One in all Robertson’s improvements was to make use of the secular talk-show format on the community’s flagship present, the “700 Membership,” which grew out of a telethon when Robertson requested 700 viewers for month-to-month $10 contributions. It was extra suited to tv than conventional revival conferences or church providers, and gained an enormous viewers.

“Right here’s a well-educated individual having subtle conversations with all kinds of friends on all kinds of matters,” stated Inexperienced, the College of Akron political science professor. “It was with a spiritual inflection to make certain. But it surely was an method that took up on a regular basis considerations.”

His friends ultimately included a number of U.S. presidents — Jimmy Carter, Ronald Reagan and Donald Trump.


Republican presidential candidate Donald Trump shakes fingers with Rev. Pat Robertson throughout an look at Regent College in Virginia Seaside, Va., Wednesday, Feb. 24, 2016. (AP Photograph/Steve Helber)

At occasions, his on-air pronouncements drew criticism.

He claimed that the terrorist assaults that killed 1000’s of Individuals on Sept. 11, 2001 have been brought on by God, angered by the federal courts, pornography, abortion rights and church-state separation. Speaking once more about Sep 11 on his TV present a yr later, Robertson described Islam as a violent faith that desires to “dominate” and “destroy,” prompting President George W. Bush to distance himself and say Islam is a peaceable and respectful faith.

Later that yr, he warned residents of a rural Pennsylvania city to not be stunned if catastrophe struck them as a result of they voted out college board members who favored instructing “clever design” over evolution. And in 1998, he stated Orlando, Florida, ought to watch out for hurricanes after permitting the annual Homosexual Days occasion.

In 2014, he angered Kenyans when he warned that towels in Kenya might transmit AIDS. CBN issued a correction, saying Robertson “misspoke about the potential for getting AIDS via towels.”

Robertson additionally might be unpredictable: In 2010, he known as for ending necessary jail sentences for marijuana possession convictions. Two years later, he stated on the “700 Membership” that marijuana must be legalized and handled like alcohol as a result of the federal government’s struggle on medication had failed.

Robertson condemned Democrats caught up in intercourse scandals, saying for instance that President Invoice Clinton turned the White Home right into a playpen for sexual freedom. However he helped solidify evangelical assist for Donald Trump, dismissing the candidate’s sexually predatory feedback about ladies as an try “to appear to be he’s macho.”

After Trump took workplace, Robertson interviewed the president on the White Home. And CBN welcomed Trump advisers, resembling Kellyanne Conway, as friends.

However after President Trump misplaced to Joe Biden in 2020, Robertson stated Trump was residing in an “alternate actuality” and may “transfer on,” information retailers reported.


Gordon Robertson, left, along with his father Pat Robertson in Virginia Seaside Va., on this undated file photograph. (AP Photograph/Christian Broadcasting Community, File)

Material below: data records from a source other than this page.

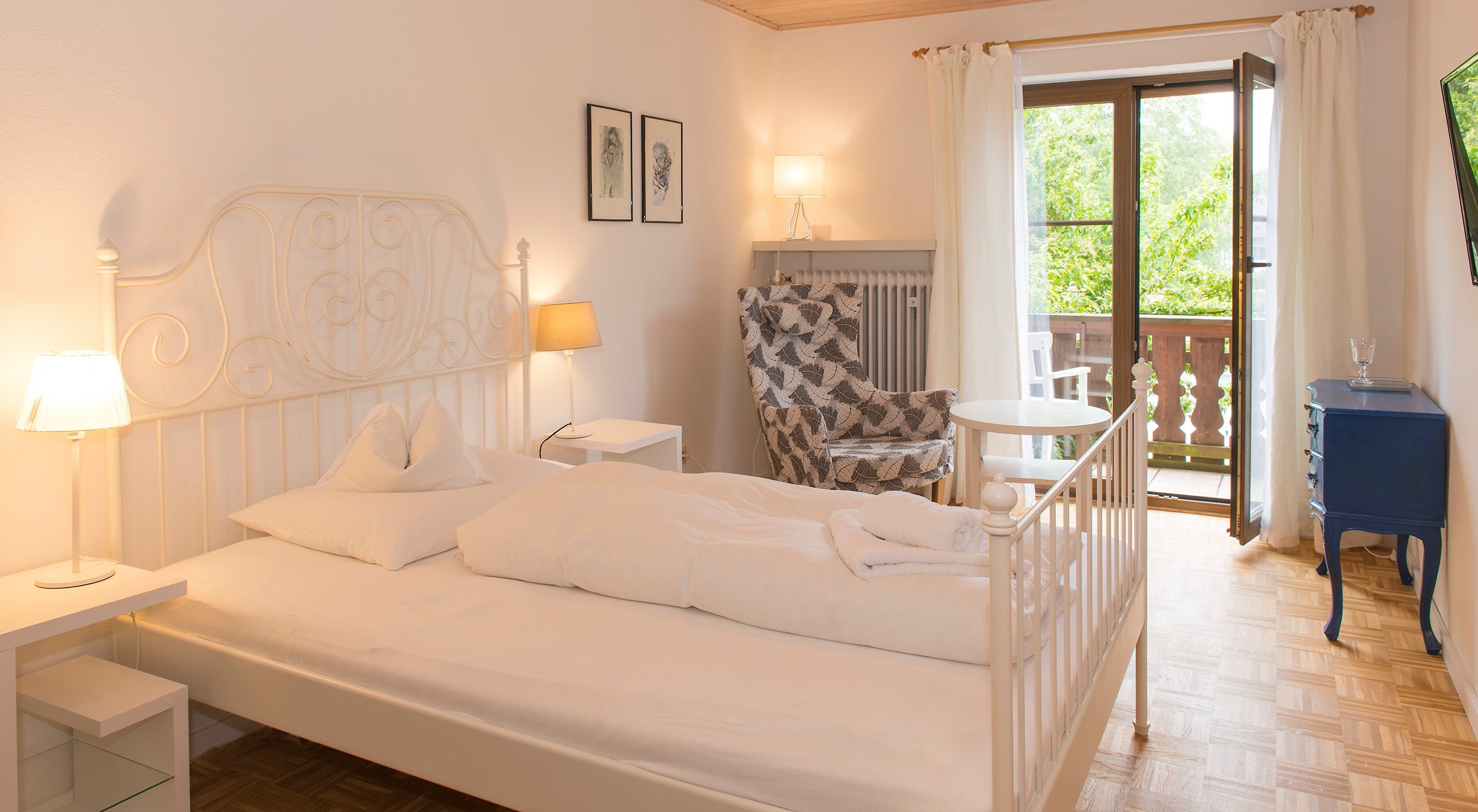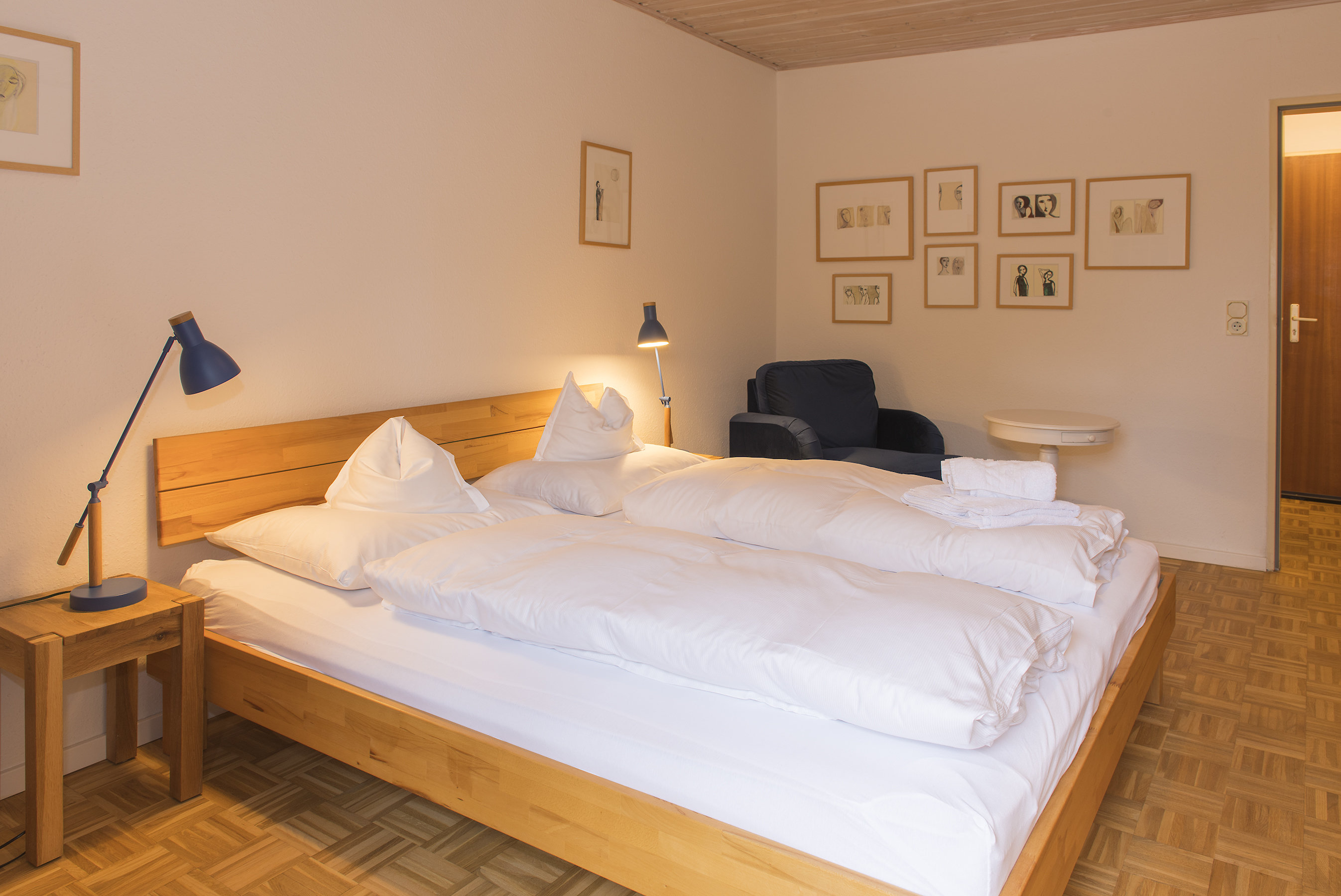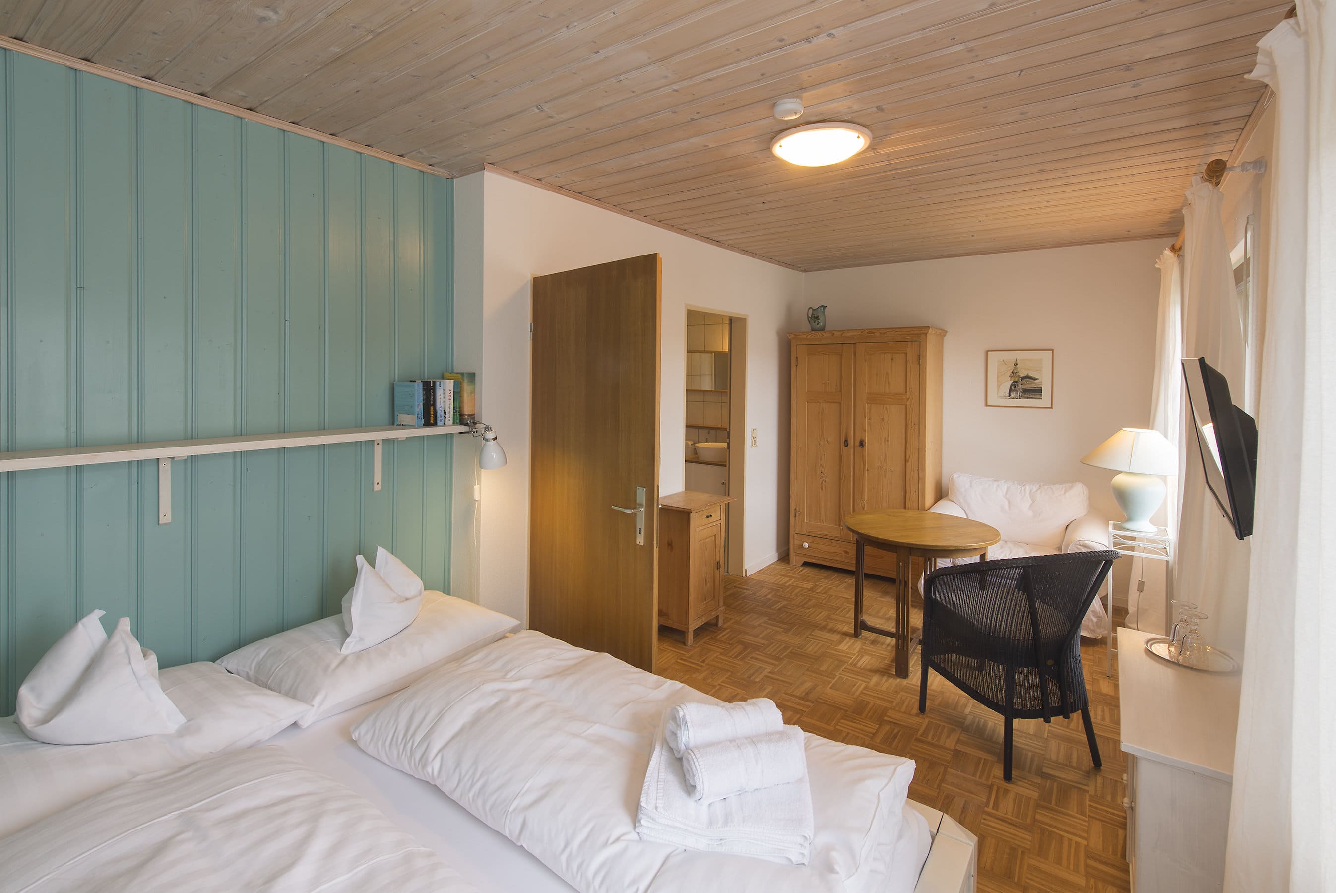 Jedes unserer Zimmer ist individuell und mit viel Liebe zum Detail, teilweise mit Antiquitäten eingerichtet und mit einem hochwertigen geölten Eichenparkett ausgelegt.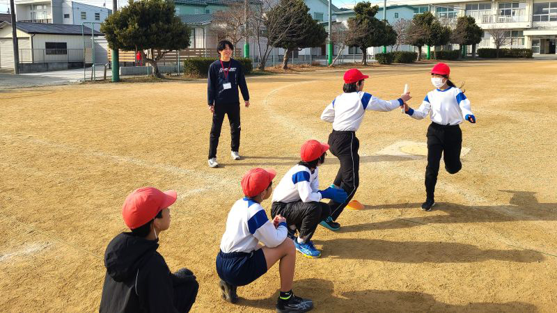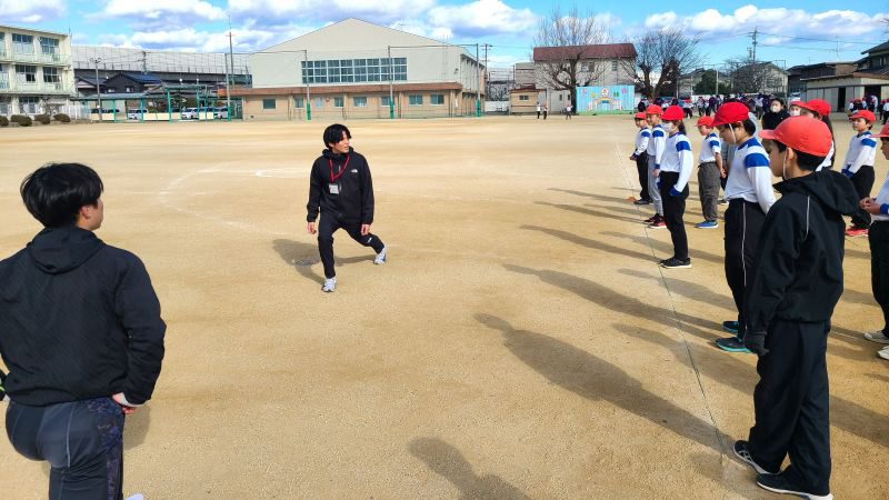 講師を務めた穐山拓海さん(スポーツ健康科学科4年)は、「普段、指導している中学生と違い、児童の反応や時間配分を見ながら臨機応変に進めていくのが難しかった。自分にとってもよい学びとなったし、児童から元気をもらった」と話しました。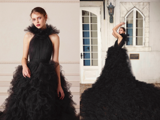 トレンドのブラックドレス。首元までチュールのハイネック。透け感があるチュール素材で重くなりすぎず、華やかな印象でパーティーシーンでも活躍。ボリュームがあるので主役の存在感はバッチリ。ウエストに背中で結ぶチュールリボンつき。

Robertson’s son, Gordon, succeeded him in December 2007 as chief government of CBN, which is now based mostly in Virginia Seaside. Robertson remained chairman of the community and continued to look on the “700 Membership.”

Robertson additionally was founder and chairman of Worldwide Household Leisure Inc., dad or mum of The Household Channel primary cable TV community. Rupert Murdoch’s Information Corp. purchased IFE in 1997.

Regent College, the place lessons started in Virginia Seaside in 1978, now has greater than 30,000 alumni, CBN stated in a press release.

Robertson wrote 15 books, together with “The Turning Tide” and “The New World Order.”

His spouse Dede, who was a founding board member of CBN, died final yr on the age of 94. The couple had 4 youngsters, 14 grandchildren and 24 great-grandchildren, CBN stated in a press release.

Former Related Press reporters Don Schanche and Pam Ramsey contributed to this story.